Por sua vez, analisando dados da mesma fonte, relativos à Taxa de incidência de Acidentes de Trabalho não mortais com quatro ou mais dias perdidos, por 100.000 empregados, entre 2010 e 2019, verifica-se que também aqui, sem exceção, o sexo feminino apresenta sempre valores inferiores, também na ordem de um terço e metade.
Por sua vez, a nível de Acidentes de Trabalho mortais, considerando o total e por sexo, em diversos países Europeus, verifica-se que também aqui o sexo masculino apresenta valores muito mais elevados, ainda que tenham sido tratados os dados de forma bruta, pelo que países com mais habitantes, proporcionalmente, apresentam um número mais elevado de acidentes; não tendo sido dado informação relativa ao número de habitantes ou de trabalhadores de cada sexo, para se apresentarem as percentagens relativas; para além de em alguns anos não existirem dados para determinado país.
DISCUSSÃO/ CONCLUSÃO
Os acidentes de trabalho são mais frequentes e graves no sexo masculino, não só devido ao tipo de tarefas que existem nos postos assumidos predominantemente por este género, mas também devido à personalidade e influência da sociedade e cultura que, geralmente, incentiva mais neste contexto a necessidade de desafiar o perigo e/ou ser mais aceitável não cumprir as regras.
A adesão às medidas de Segurança propostas varia então com a Perceção de Risco e a influência da equipa de trabalho, chefia e sociedade.
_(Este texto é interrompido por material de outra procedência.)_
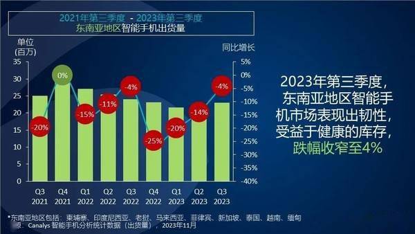 【手机中国新闻】12月6日,手机中国注意到,Canalys发布报告称,2023年第三季度,东南亚地区智能手机市场下滑4%至2300万部。Canalys分析师周乐轩(Le Xuan Chiew)表示,“通胀和高利率的环境,使得东南亚地区的智能手机市场已经连续7个季度下滑。经过前几个季度的挑战后,智能手机品牌在库存管理方面变得更为谨慎。虽然三星以19%的市场份额领跑市场,但仍在库存问题的影响下,经历26%的最大跌幅。
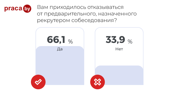 Без малого 2/3 участников опроса (66,1 %) подтвердили, что им приходилось отказываться от назначенного собеседования. С одной стороны, такой высокий процент можно объяснить тем, что кандидат в активном поиске рассылает резюме в несколько компаний и, соответственно, откликается на предложения сразу нескольких рекрутеров. С другой стороны, такая цифра может вызывать и тревогу. Если договорился о собеседовании, нужно выполнять свои обязательства или, в крайнем случае, вежливо и вовремя отменить. Словом, цифра очень большая, и если пораскинуть мозгами, то говорит, скорее, о том, что кандидаты относятся к договоренностям легкомысленно.
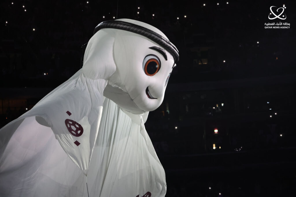 وعرضت الشاشات في استاد البيت أبرز اللحظات التي لا تنسى في كؤوس العالم الماضية ممزوجة بعناصر فنية مثل تعويذات بطولات كؤوس العالم الـ 10 الرسمية بشكل ضخم، في استحضار تجسيدي لفكرة مسلسل الرسوم المتحركة المصغر “عالم التعويذات” الذي تم إصداره لكأس العالم FIFA قطر 2022.
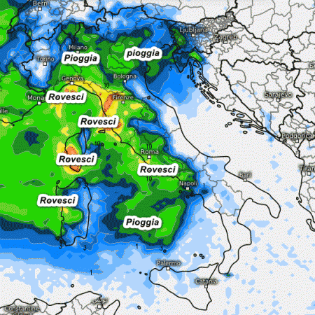 Le piogge si riferiscono alla seconda parte della giornata ed interesseranno gran parte del settentrione, il medio-alto Tirreno e la Sardegna, anche a carattere di rovescio. Qualche nevicata interverrà sulle Alpi sopra i 1200-1300 metri. Temperature in calo al nord, stazionarie altrove.
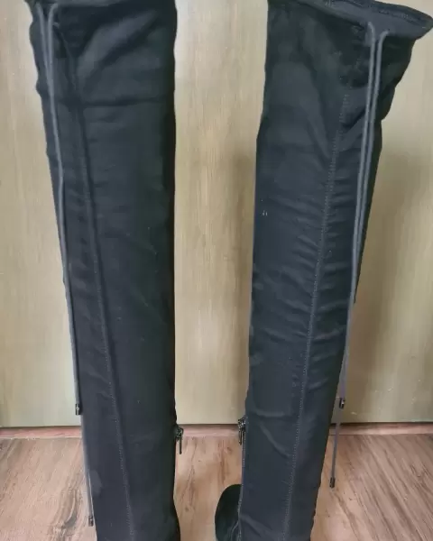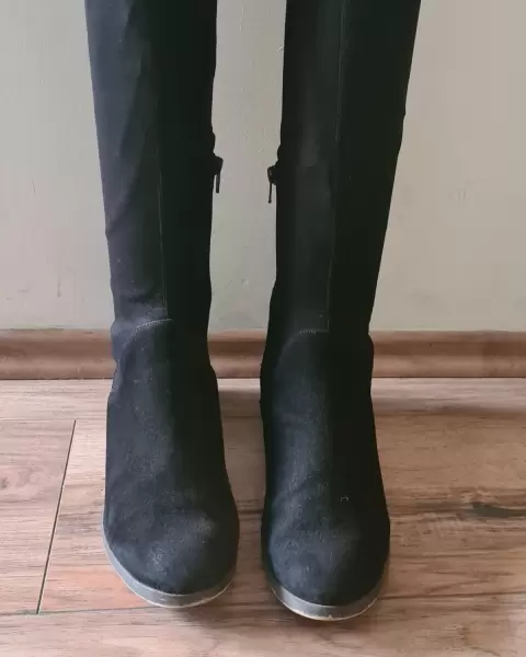 Maxibotas de gamuza negras. Botas de caña alta lllegan por encima de la rodilla muy poco uso las cuido muchísimo Por $100 más te las mando con hormas de parte inferior

Quanto mais esta globalidade de interferências for levada em conta, maior a capacidade da equipa de Saúde e Segurança Ocupacionais para atenuar a incidência e gravidade dos Acidentes Laborais e assim se obter um local de trabalho mais seguro, sendo que essas medidas deverão ser distintas entre o sexo masculino e feminino.